[Opening Source data section]
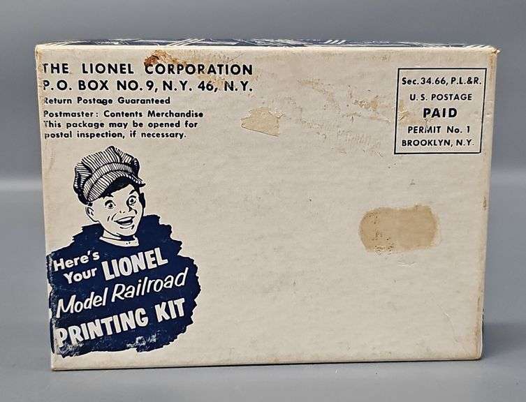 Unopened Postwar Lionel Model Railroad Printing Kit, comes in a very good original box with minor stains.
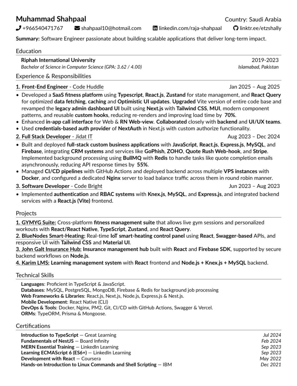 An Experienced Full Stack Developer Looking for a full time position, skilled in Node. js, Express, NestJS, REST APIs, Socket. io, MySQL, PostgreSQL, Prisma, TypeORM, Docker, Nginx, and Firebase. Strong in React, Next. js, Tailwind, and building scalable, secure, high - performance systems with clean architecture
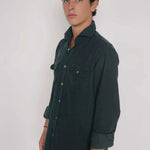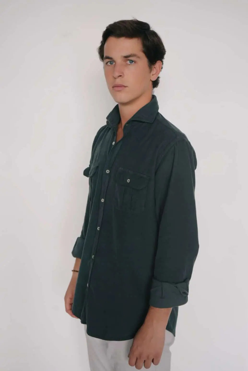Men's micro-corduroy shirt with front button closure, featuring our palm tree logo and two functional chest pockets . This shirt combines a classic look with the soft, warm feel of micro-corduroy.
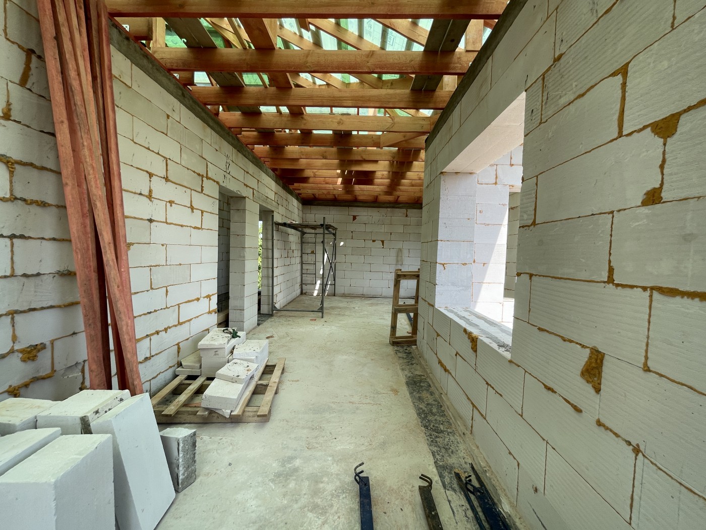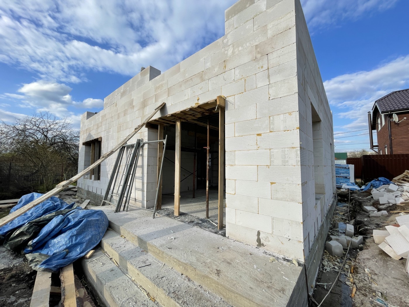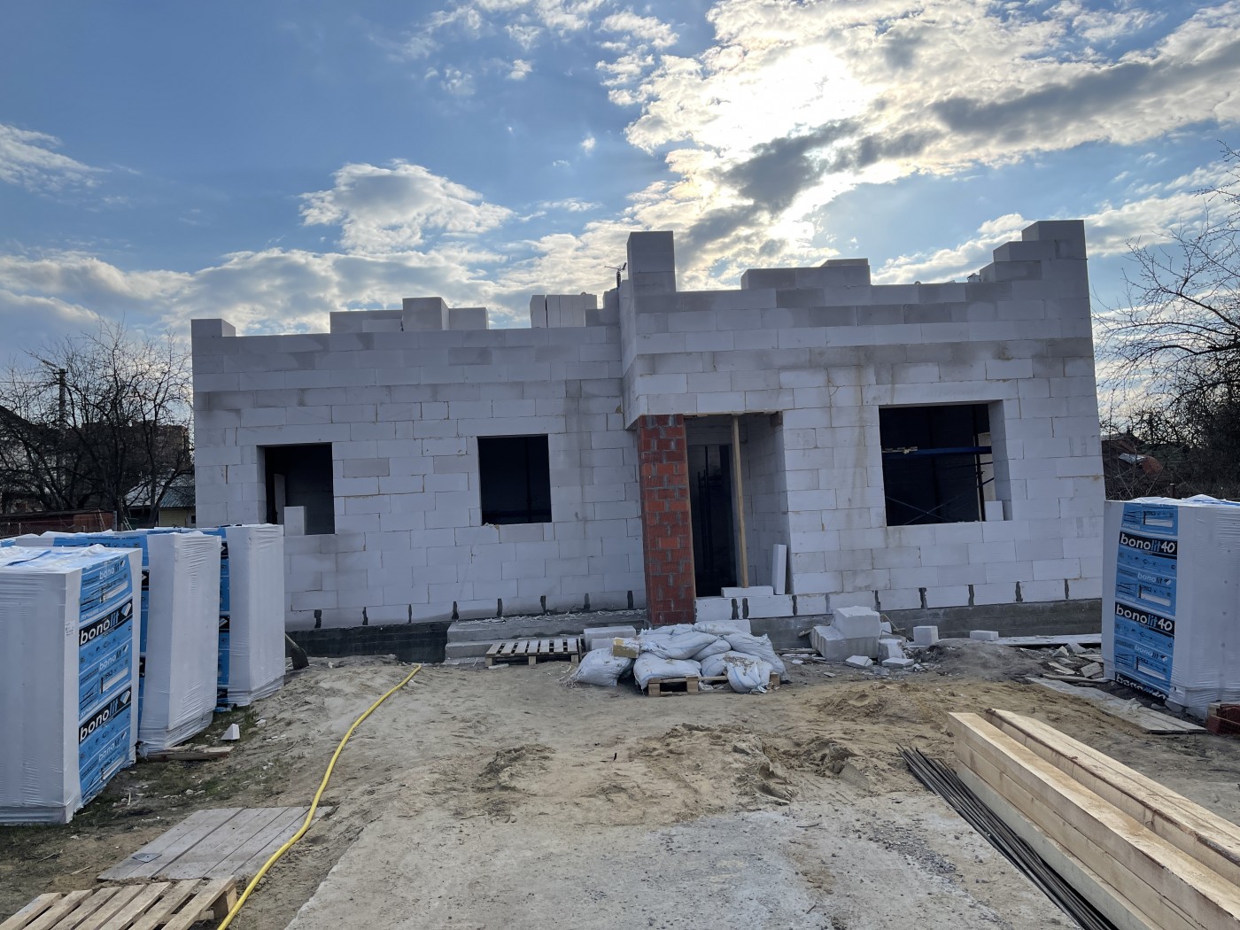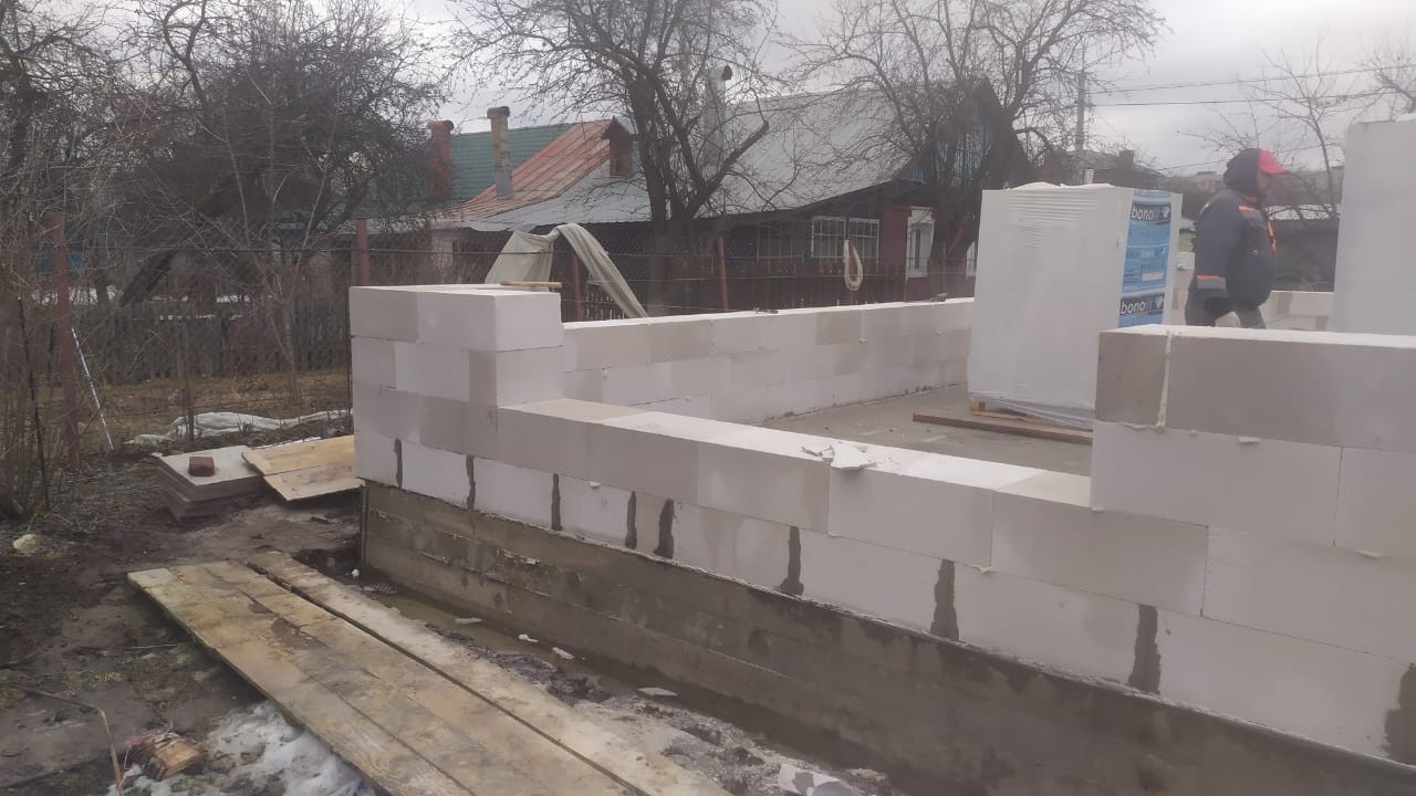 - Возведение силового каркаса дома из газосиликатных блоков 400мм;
[Closing Source data section]
> _Work to be completed_
Return the complete material exactly as given, excluding images.

> _Solution for this task_
 Unopened Postwar Lionel Model Railroad Printing Kit, comes in a very good original box with minor stains.
 An Experienced Full Stack Developer Looking for a full time position, skilled in Node. js, Express, NestJS, REST APIs, Socket. io, MySQL, PostgreSQL, Prisma, TypeORM, Docker, Nginx, and Firebase. Strong in React, Next. js, Tailwind, and building scalable, secure, high - performance systems with clean architecture
Men's micro-corduroy shirt with front button closure, featuring our palm tree logo and two functional chest pockets . This shirt combines a classic look with the soft, warm feel of micro-corduroy.
 - Возведение силового каркаса дома из газосиликатных блоков 400мм;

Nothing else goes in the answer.